Die erweiterte nukleare Abschreckung der USA wird Japan und der Republik Korea gewährt, ohne dass Atomwaffen auf deren Territorium stationiert werden, sondern in den USA. Die USA sind somit in der Lage, die nukleare Abschreckung und ihren nuklearen Schutzschirm zu erweitern, ohne ihre Atomwaffen auf dem Territorium ihrer Verbündeten zu stationieren.

Beamte und andere Experten in verschiedenen NATO-Staaten haben erklärt, dass die NS gegen die Verpflichtungen der USA und ihrer an der NS beteiligten NNWS-Verbündeten aus den Artikeln I, II und VI des NVV verstoßen. Obwohl die USA behaupten, dass NS mit dem Vertrag über die Nichtverbreitung von Kernwaffen (NVV) vereinbar ist, verstoßen die USA und ihre NS-Verbündeten in der NATO durch die Einhaltung der NS-Vereinbarungen gegen ihre Verpflichtungen aus dem NVV und schwächen das NVV-Regime.

Durch ihre Teilnahme an der Nuklearen Planungsgruppe der NATO haben die NS-Verbündeten verstanden, dass sie nicht nur in die Doktrin, die Planung, die Stationierung und andere Fragen im Zusammenhang mit den in Europa stationierten US-Atomwaffen einbezogen werden, sondern auch darauf Einfluss nehmen können. In Wirklichkeit kann kein NNWS Einfluss darauf nehmen, wie die USA ihre Kernwaffen einsetzen werden, nicht einmal diejenigen, die auf dem Gebiet des NNWS stationiert sind, auch wenn die Planungsgruppen das Gegenteil behaupten.
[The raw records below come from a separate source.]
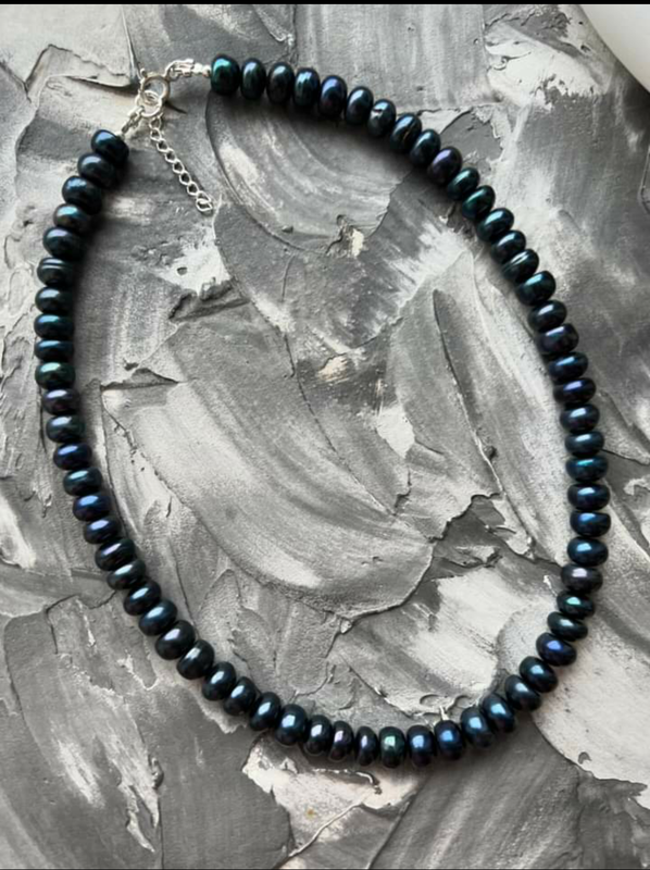 Жемчуг натуральный темный, застежка серебро с удлинителем, длина чокера 40 см.
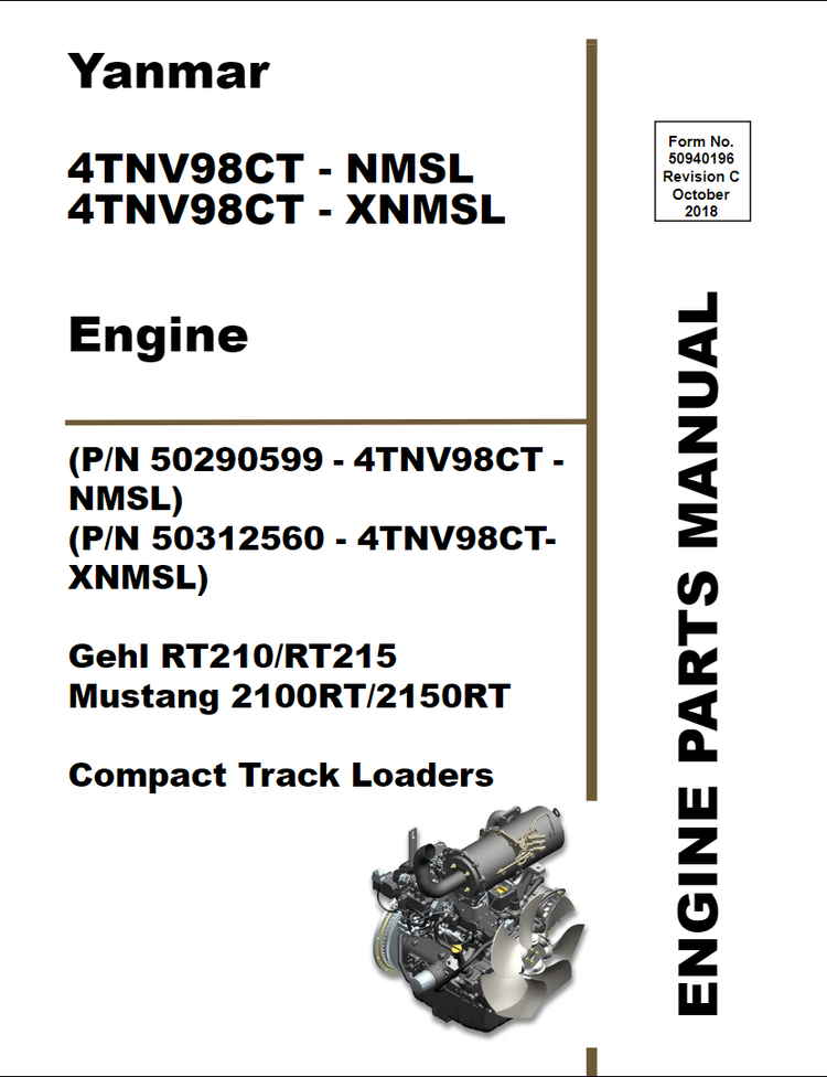 This Yanmar Tier 4 4TNV98CT-NMSL and 4TNV98CT-XNMSL Engine Parts Catalog Manual (50940196C) provides an in-depth look at the essential operating components of the Yanmar Tier 4 4TNV98CT-NMSL and 4TNV98CT-XNMSL engines. Loaded with diagrams and technical specs, this comprehensive resource is essential for maintenance and repair professionals working on Gehl RT210/RT215 Mustang 2100RT/2150RT Compact Track Loaders.
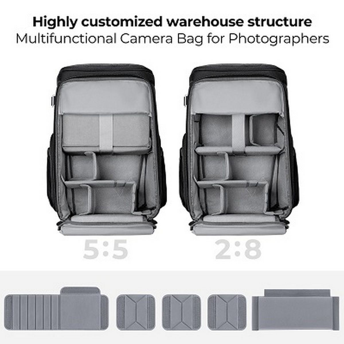 کوله پشتی K&F13.128V3 دارای محفظهای بزرگ با دیوایدرهای پددار قابل تنظیم است. این ویژگی به شما اجازه میدهد فضای داخلی را مطابق با اندازه دوربین، لنزها، فلاش، باتری و سایر لوازم جانبی سفارشیسازی کنید. در عین حال، پدهای نرم از تجهیزات در برابر ضربه و لرزش محافظت میکنند.
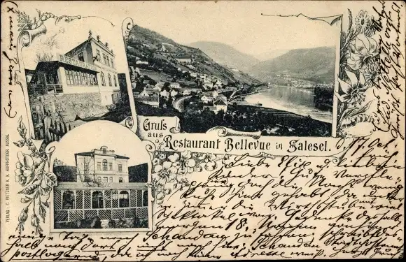 Ak Dolní Zálezly Salesel Region Aussig, Restaurant Bellevue, Blick auf den Ort
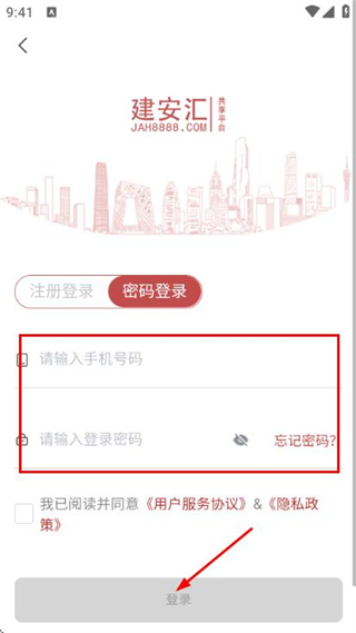 3、在密码登录页面填写手机号和密码,勾选协议后,点击登录按钮完成账号登录操作。
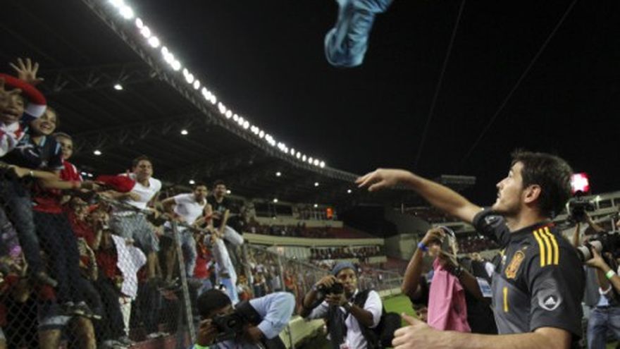 Una Selección de España concisa en sus declaraciones, pero que, por momentos, dio muestras de aprecio a algunos fanáticos fue la que llegó a Panamá y deslumbró con su juego contundente. Luego de la victoria de 5 goles a 1, en el partido amistoso que jugó ante su similar de Panamá en el estadio Rommel Fernández, el arquero Iker Casillas lanzó camisetas a los fanáticos en medio de gritos, especialmente de damas, que intentaban llamar la atencióin del que es considerado el mejor portero del mundo. Mientras tanto, Sergio Ramos expresó que el resultado se debio a la eficacia del ataque español. "Supimos aprovechar las oportunidades que se nos presentaron ante Panamá", declaró el defensor del Real Madrid. El planteamiento de Ramos fue compartido por el técnico Vicente Del Bosque. "Hicimos lo mejor y afortunadamente nos salieron las cosas bien", indicó. Por otra parte, los jugadores Juan Mata y Andrés Iniesta utilizaron sus cuentas de Twitter para expresar su sentir tras una visita de un par de días en Panamá. "Volvemos para casita en breve, ¡¡gracias a la gente de Panamá por su cariño!! Jugar en el estadio Rommel Fernandez ha sido muy bonito", escribió Iniesta. "¡Buen partido en Panamá! Siempre es bonito jugar con la Selección. ¡Abrazos!", expresó Mata. La delegación española salió de Panamá en horas de la noche. FOTO: 10 Deportivo (Twitter)
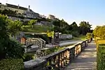 The Ferrari Garden (Slovene: Ferrarijev vrt) is a major landmark in the settlement and one of the most visited ones. It was designed by Max Fabiani at the request of the physician Enrico Ferrari in the 1920s.[8] The garden is located below the village, next to a villa, and houses a small pool with an island which is connected by a bridge to the shore. The location is popular among tourists because of its design and the view it offers of the Karst landscape below.[9] The park has been declared a natural park and a national monument by the Government of Slovenia.
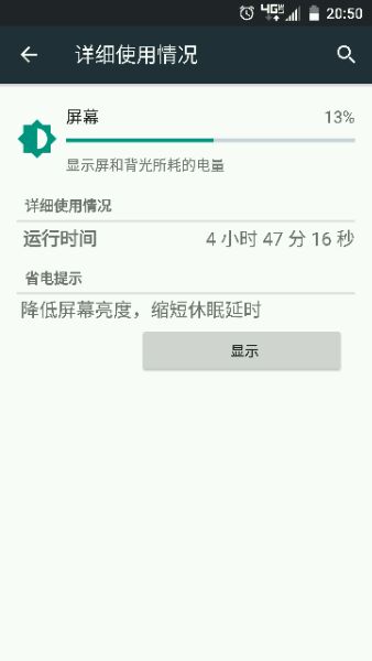 装了框架用绿色守护,屏幕自动亮度,微信qq不休眠, 魔趣的ROM ; 在电没有完全充满的状态下,看一场电影,然后偶尔微信QQ 剩下的时间一直是小说。亮屏10小时以上。

Die nukleare Teilhabe der USA an den NATO-Verbündeten und die US-Militärbasen auf dem Territorium einiger NATO-Verbündeter werden in Konfliktzeiten die Sicherheit und Stabilität Europas und insbesondere der betroffenen Verbündeten eher verringern als erhöhen.  Im Falle eines Konflikts zwischen der NATO und Russland sorgt die NS dafür, dass Europa zum ersten und wichtigsten Schauplatz des Konflikts wird.
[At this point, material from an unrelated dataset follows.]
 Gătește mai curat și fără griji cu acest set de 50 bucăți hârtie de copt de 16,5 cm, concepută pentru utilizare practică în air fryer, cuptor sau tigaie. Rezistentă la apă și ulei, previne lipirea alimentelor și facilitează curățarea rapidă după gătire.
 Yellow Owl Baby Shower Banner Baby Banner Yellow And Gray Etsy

NS kann als Beeinträchtigung der Sicherheit Russlands und aller anderen Länder, auf die diese Atomwaffen abzielen, wahrgenommen werden und verstößt damit gegen den Grundsatz der Unteilbarkeit der Sicherheit, wonach die Erhöhung der Sicherheit eines oder mehrerer Staaten nicht die Sicherheit anderer Staaten beeinträchtigen darf. Mit anderen Worten: Ein stabiles Sicherheitsregime kann kein Nullsummenspiel sein. Russland hat seine Atomwaffen bisher nicht in anderen europäischen Ländern stationiert. Es hat die auf dem Territorium der NATO-Verbündeten stationierten Atomwaffen zur Kenntnis genommen und könnte eine Gegenstrategie verfolgen. Es besteht auch darauf, dass die NS-Waffen in alle künftigen Rüstungskontrollverhandlungen einbezogen werden müssen.
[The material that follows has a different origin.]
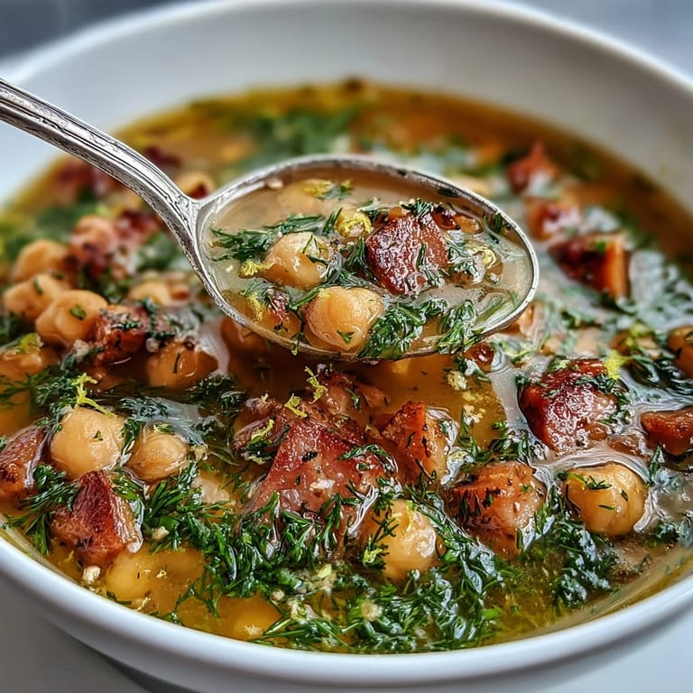Pin it My neighbor arrived at my door one rainy afternoon with a bag of fresh dill from her garden, insisting I do something special with it before it wilted. I had ham in the fridge and a can of chickpeas on the shelf, so I threw together this soup almost by accident—golden broth, tender legumes, and that impossible brightness that lemon and dill bring to everything. What started as a way to use up vegetables became the soup I make whenever someone needs comfort in a bowl.
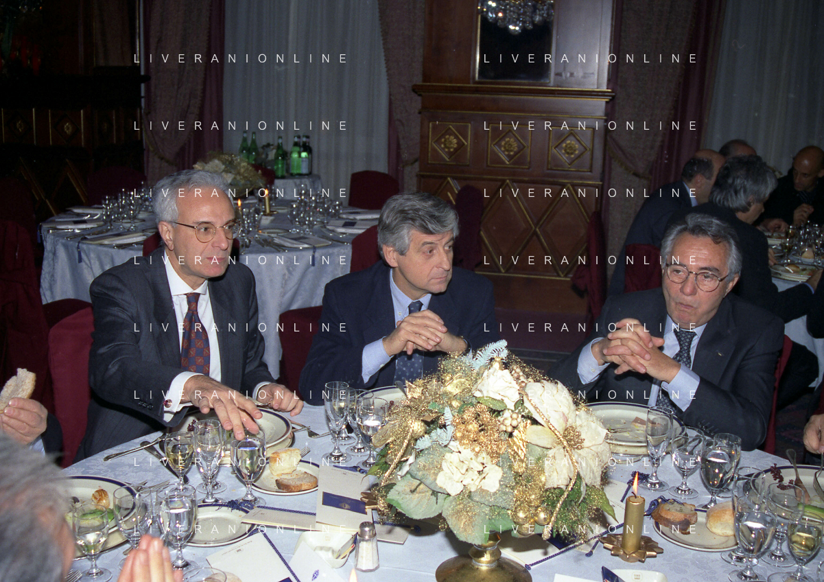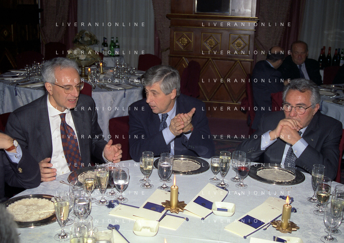 MILANO 14-12-1998 FESTA DI GALA DELL'ASSOCIAZIONE CALCIATORI PER I 30 ANNI DI ATTIVITA NELLA FOTO SERGIO CAMPANA GIANNI RIVERA E DOMENICO DI CARLO AG ALDO LIVERANI SAS

Die europäischen NATO-Verbündeten sind zunehmend skeptisch, was die Absichten und die Zuverlässigkeit der USA in Bezug auf die Erfüllung ihrer Zusagen und vertraglichen Verpflichtungen gegenüber ihren Verbündeten, einschließlich der erweiterten Abschreckung, betrifft. Diese Skepsis hat sich seit dem chaotischen Rückzug der USA aus Afghanistan Ende August 2021 noch verstärkt und zu der Politik der EU geführt, „strategische Autonomie“ zu erreichen.

Es gibt noch weitere wesentliche Fragen, die der Abzug aus Afghanistan ohne Absprache mit den Verbündeten in den Vordergrund gerückt hat. Inwieweit kann und sollte sich ein Land oder eine Gruppe von Ländern darauf verlassen, dass andere Staaten für ihre Verteidigung und Sicherheit sorgen – kann echte Sicherheit „ausgelagert“ werden?  Was kann und will die EU tun, um „strategische Autonomie“ zu erreichen? Frankreich, das derzeit die EU-Ratspräsidentschaft innehat, hat erklärt, dass es ein stärkeres und unabhängigeres Europa im Bereich der Sicherheit anstrebt, das gleichzeitig mit anderen Ländern und der NATO zusammenarbeitet.

Wenn der derzeitige öffentliche Anti-Atomkraft-Diskurs ein Hinweis darauf ist, kann man davon ausgehen, dass die Bürger in den europäischen und NATO-Ländern im Allgemeinen nicht wissen, dass auf europäischem NATO-Gebiet Atomwaffen stationiert sind und eingesetzt werden können, und dass die NS-Staaten und Europa durch die Akzeptanz von Atomwaffen auf ihrem Territorium im Falle eines Konflikts zu Hauptzielen werden. Noch anschaulicher ausgedrückt: Sie sind sich möglicherweise nicht bewusst, dass Europa zu einer nuklearen Zielscheibe geworden ist.